Тамара вскакивает на нос лодки и, раскинув руки, восклицает:
- Ах! Боже мой! Весь свет… - И падает в воду, так как лодку в этот момент качнуло волной, поднятой проходящим мимо речным трамвайчиком. Правда, уйти под воду она не успевает. Я мгновенно хватаю ее за волосы. Но втащить Тамару назад в лодку стоит мне большого труда. Она так напугана, что не владеет собой совершенно. Наконец я справляюсь.
- Еще бы немного - и конец, - выдыхает она, уже сидя в лодке. Тамару бьет дрожь. - Это скоро пройдет, - говорит она. - Дай я прислонюсь к тебе.
Я тоже потрясен. Чувствую, как неистово колотится у нее сердце.
Я быстро подгоняю лодку к берегу, где не особенно людно и есть кустарник. Дрожь у Тамары не прекращается, видимо, и от купания в майской воде, и от испуга. Я отдаю ей свои рубашку и брюки и остаюсь в одних сатиновых черных трусах, подвернув их так, чтобы они хоть чуточку сходили за плавки. Она снимает с себя все и надевает мои вещи. Я выжимаю Тамарину одежду и развешиваю на ветки кустарника. Потом сую руки под рубашку и растираю ей спину до тех пор, пока она не становится горячей. Затем быстро отгоняю лодку на станцию и возвращаюсь.
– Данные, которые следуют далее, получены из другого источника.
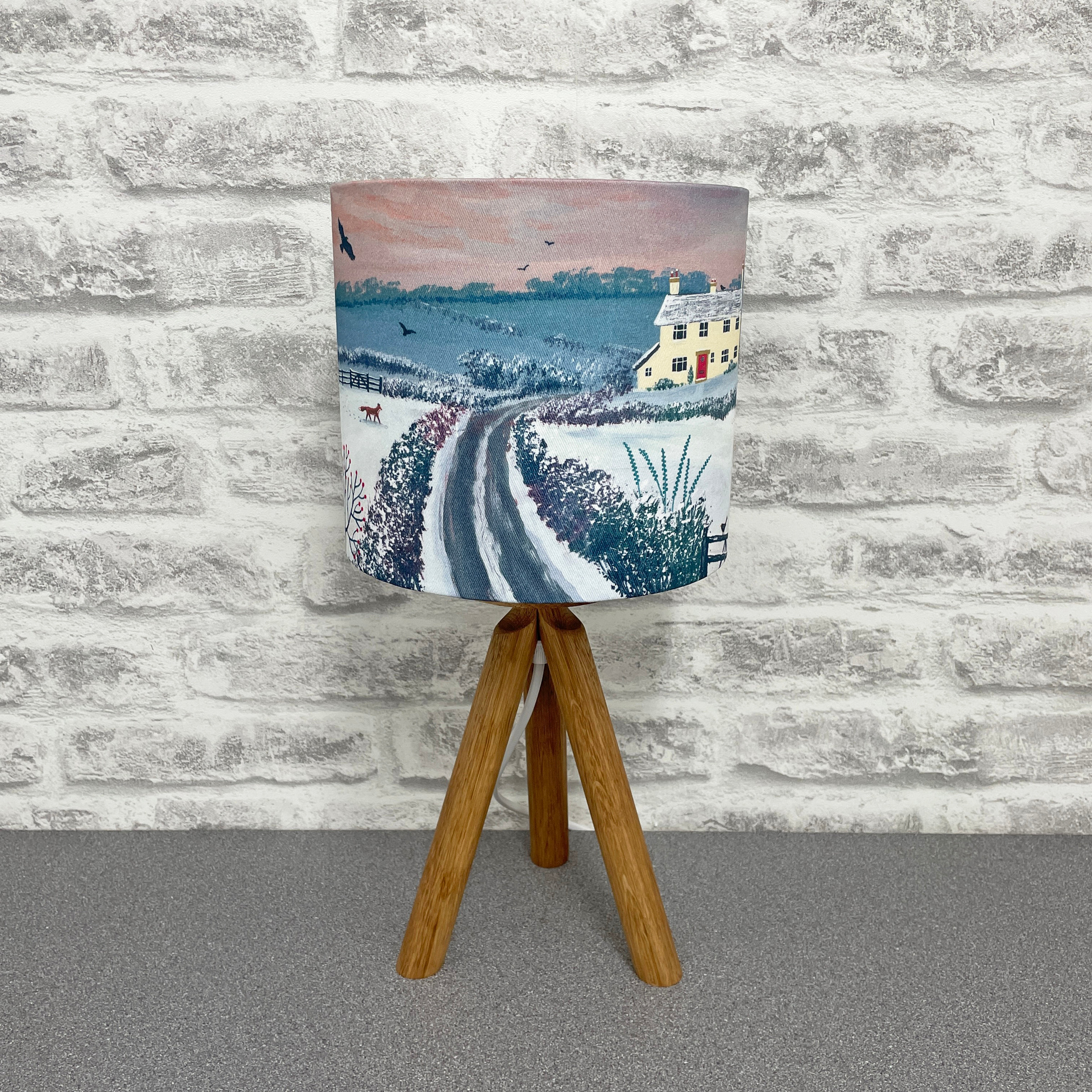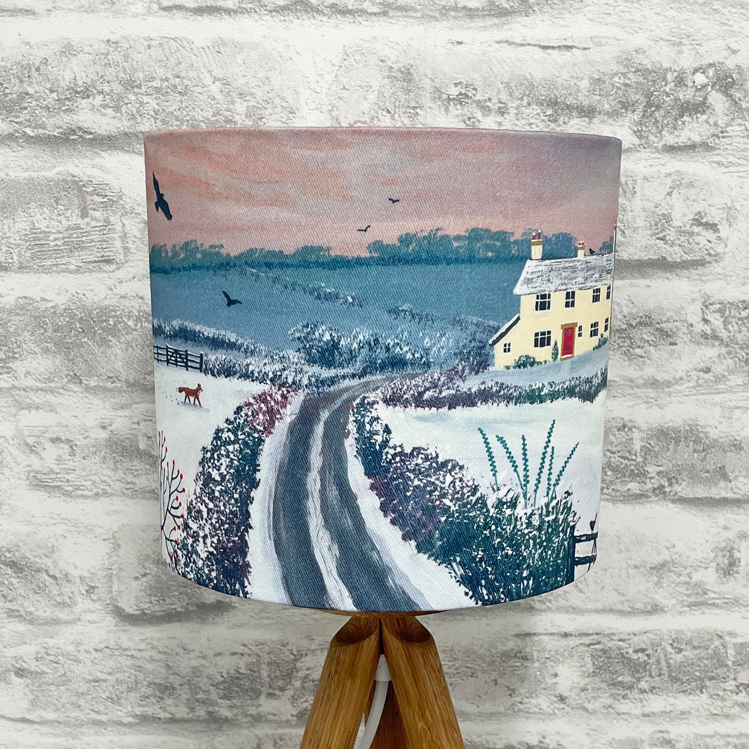 This lampshade has a diameter of 30cm/12″ and a height of 21cm/8″. It is made with a white lining and looks stunning when illuminated. It is handmade for you and can be made for a ceiling pendant or lamp base. Please select fitting at time of ordering.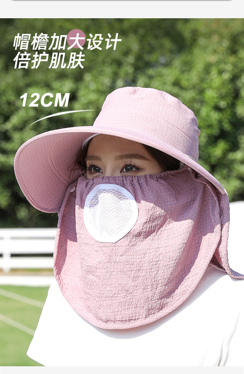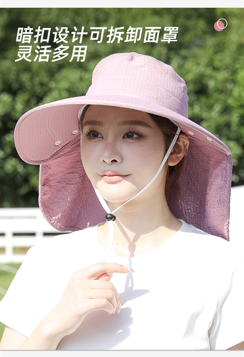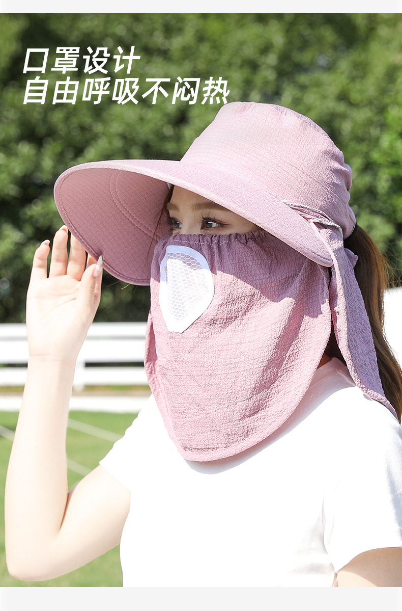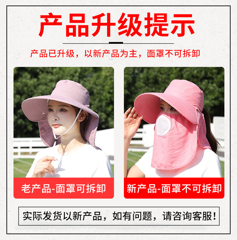 大沿遮阳帽遮脸面罩户外防晒防紫外线骑车夏季太阳帽凉帽采茶帽子

Тамара уже прогуливается по берегу, закатав мои штаны и выпустив наружу рубашку.
- Софья Павловна, мне кажется, что вам придется сегодня гладить мои брюки, - обращаюсь я к ней.
- Милый Чацкий, - смеется она в ответ, - за спасение утопающей я тебе не только брюки и рубашку, а и все остальное выстираю и выглажу. И будешь ты у меня как огурчик. Высушим мою одежду и едем ко мне домой.
На улице Правды, где находится дом Тамары, мы оказываемся около пяти часов. Квартира, в которую мы входим, чем-то напоминает нашу. В большой комнате в углу такой же светлый, как у нас, трехстворчатый гардероб, посередине - обеденный стол и вокруг него венские стулья. В простенке у окна - этажерка с книгами. Правда, пианино, что стоит у них рядом с гардеробом, у нас нет.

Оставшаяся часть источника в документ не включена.